# EXERCISE:
Give the data again exactly, without images.

# RAW DATA:
┄┄┄┄┄┄┄┄┄┄┄┄┄┄┄┄┄┄┄┄

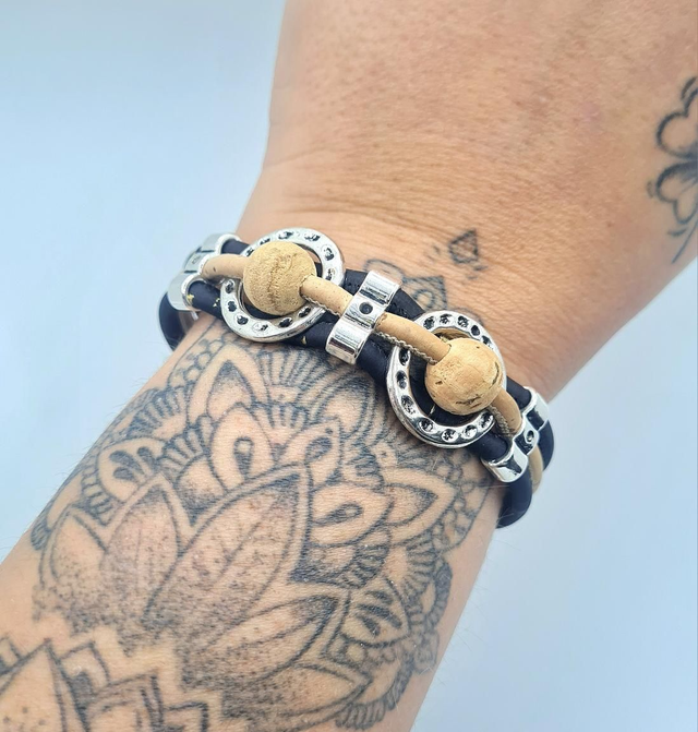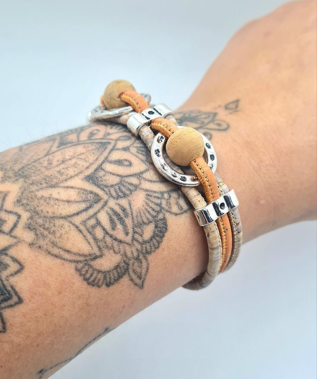 Bracelet "Munich" en liège bicolore et perles de liège naturel
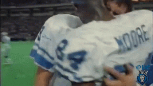 Paglalarawan ng Content: a man wearing a number 84 jersey is hugging another man
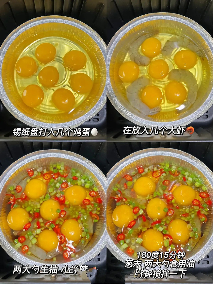 杯里打蛋➡️放入空气炸锅➡️定好时间和温度 给孩子洗漱完就能享受美味营养的蒸蛋 精致的小杯杯让萌娃吃饭不用哄~

┄┄┄┄┄┄┄┄┄┄┄┄┄┄┄┄┄┄┄┄

# YOUR RESPONSE:
 Bracelet "Munich" en liège bicolore et perles de liège naturel
 Paglalarawan ng Content: a man wearing a number 84 jersey is hugging another man
 杯里打蛋➡️放入空气炸锅➡️定好时间和温度 给孩子洗漱完就能享受美味营养的蒸蛋 精致的小杯杯让萌娃吃饭不用哄~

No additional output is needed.